People in business clothes, some carrying bags or briefcases, rushing around to meetings, or in some instances just very late for work. He observed the tourists; one elderly couple were walking around in circles, both trying to read a map, the man pointing in one direction, the woman shaking her head and pointing in the other. He saw a middle-aged couple, Dutch he guessed, striding determinedly in ridiculous clothes and heavy backpacks, as if they were on some kind of safari and needed to carry their own supplies. Then he watched two kids in baggy clothes practising a parcour jump over a free-standing information sign.

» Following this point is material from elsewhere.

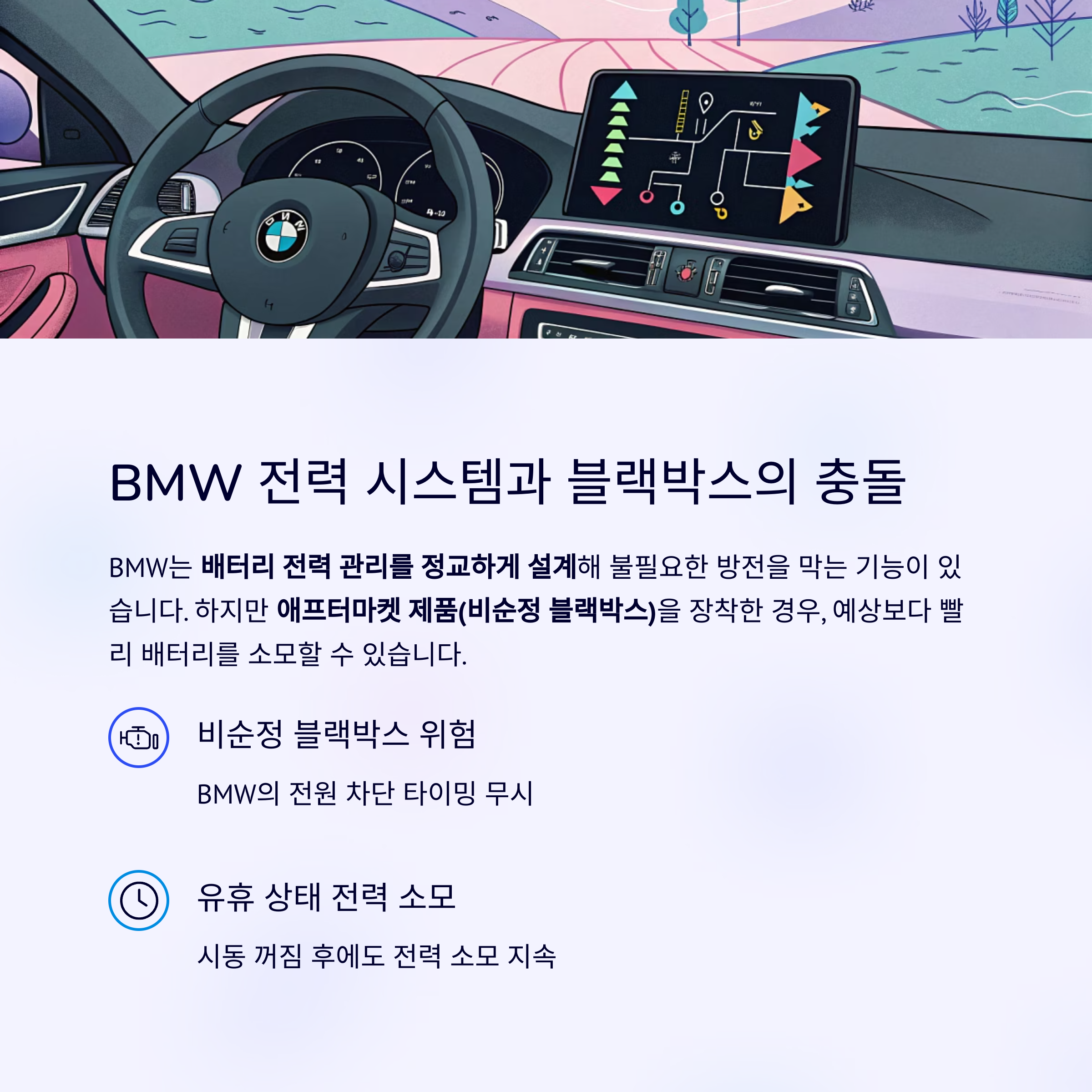 "정품이 아닌 블랙박스는 BMW의 전원 차단 타이밍을 무시할 가능성이 높습니다."

Several homeless down-and-outs, all of whom he knew by sight, had passed by in the last half-hour. Probably going to spend the day on the Pavilion lawns before moving to their next doorstep or archway, lugging their worldly goods in shopping bags, or plastic sheeting, or in supermarket trolleys, leaving behind the sour reek of damp sacks in their wake. And steadily Brighton’s lowlife – the dealers, the pushers, the runners and the users – were all starting to surface. The junkies, their last fixes all but worn off, were starting out on their relentless daily grind to find the money, by whatever means they could, for their next hits.

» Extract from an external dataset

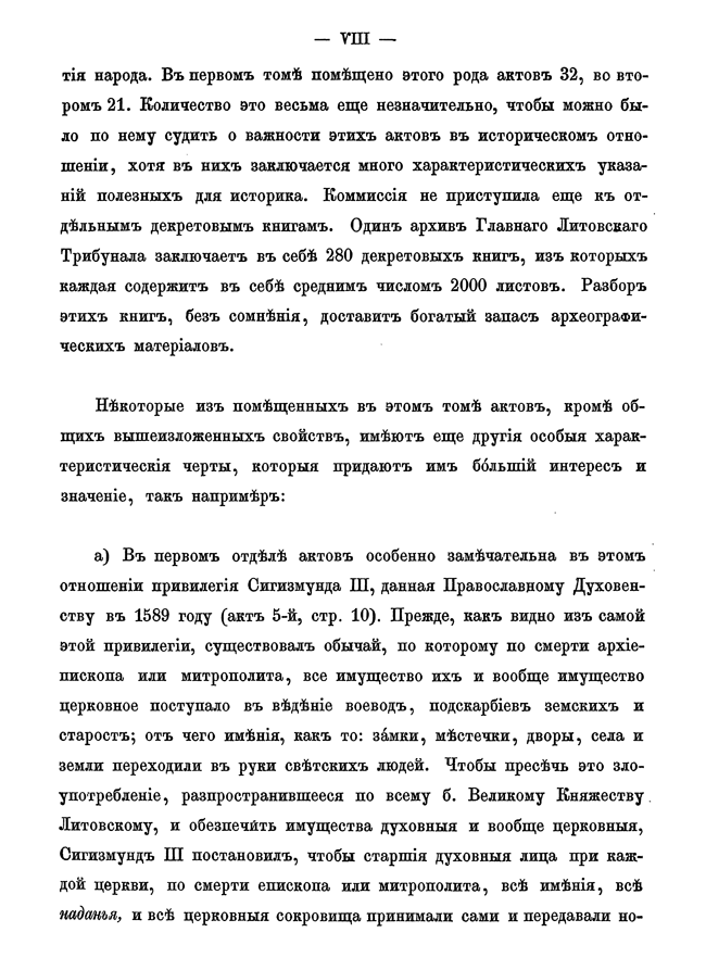 Обилие актов и документов Виленского центрального архива (19244 актовых книг) и желание исследовать прошлое Литвы, которая и в старину принадлежала России, вызвали после 1863 года учреждение особой комиссии для разбора в городе Вильне древних актов.

In the lulls between passers-by, Detective Constable Packer did make real notes in his exercise book. He had ambitions to be a writer, and at this moment he was working on a film script about a group of aliens whose navigation system had broken down and they landed on Earth, just outside Brighton, in search of help. After just a few days they were desperate to leave. Two of them had been mugged, their spacecraft had been vandalized and then impounded, because they had no money to pay for the charge of towing it off the main road, where they had parked it, and they didn’t like the food. Furthermore, they couldn’t get the help they wanted without filling in an online form, which required a postcode and a credit card number, and they had neither. Sometimes Packer wondered whether his job made him too cynical.

Then he was jolted back to reality. Out of the corner of his eye he saw a familiar, round-shouldered figure slouching along. And his already pleasant morning suddenly became even more pleasant when the figure walked straight past without clocking him.

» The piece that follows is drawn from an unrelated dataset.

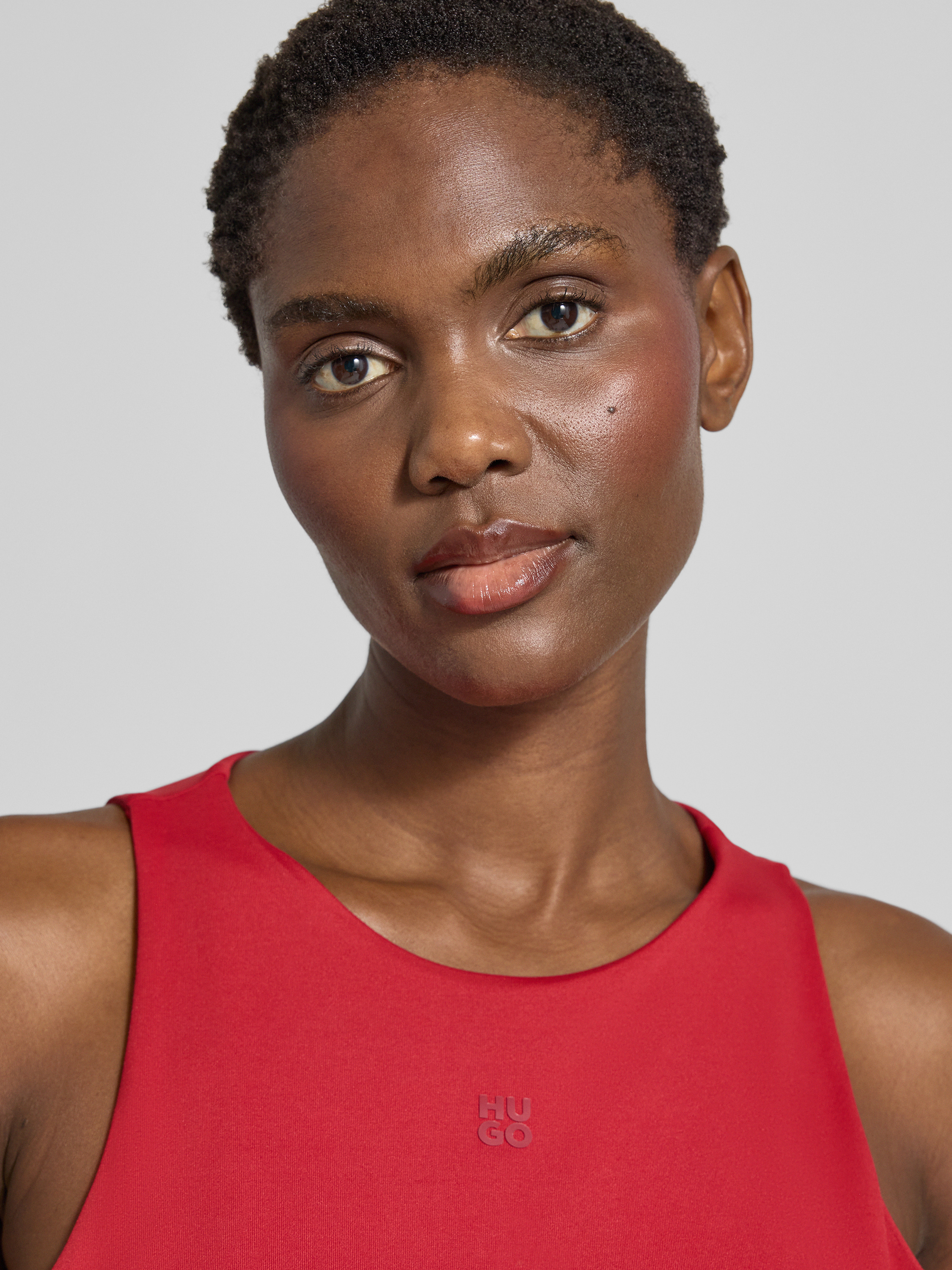 Das Damen Tank Top von HUGO, Modell Datamia, zeichnet sich durch einen schmalen Schnitt und angenehm breite Träger aus. Der Baumwoll-Mix sorgt für ein weiches Gefühl auf der Haut und unterstützt einen bequemen Sitz. Das schlichte Design mit Label Stitching lässt sich vielseitig kombinieren.

Paul stared at the emaciated, gaunt-faced young man in a ragged hoodie, tracksuit bottoms and filthy trainers with an even measure of loathing, disgust and sympathy. The young man’s ginger hair was shaven, like his own, in a number one, and he, as usual, had a thin, vertical strip of beard running from the centre of his lower lip to his chin. Paul watched him walk slowly through a photograph being taken by a young man of his girlfriend or wife, oblivious to just about everything around him. He weaved through a gaggle of tourists being shepherded by a tour guide, and now the Detective Constable knew exactly where he was heading.

To the wall across the square from them, where there were cashpoint machines, side by side. And sure enough, the young man sat down between them. It was a popular spot for begging. And already he had a target, a young woman who was entering her bank card.

Paul Packer seized the moment, strode across and stood squarely in front of the man just as he heard him croak feebly, ‘Can you spare us any change, love?’

By way of a greeting, Packer held out the shortened stump of his right hand index finger. ‘Hi, Skunk,’ he said. ‘Remember me?’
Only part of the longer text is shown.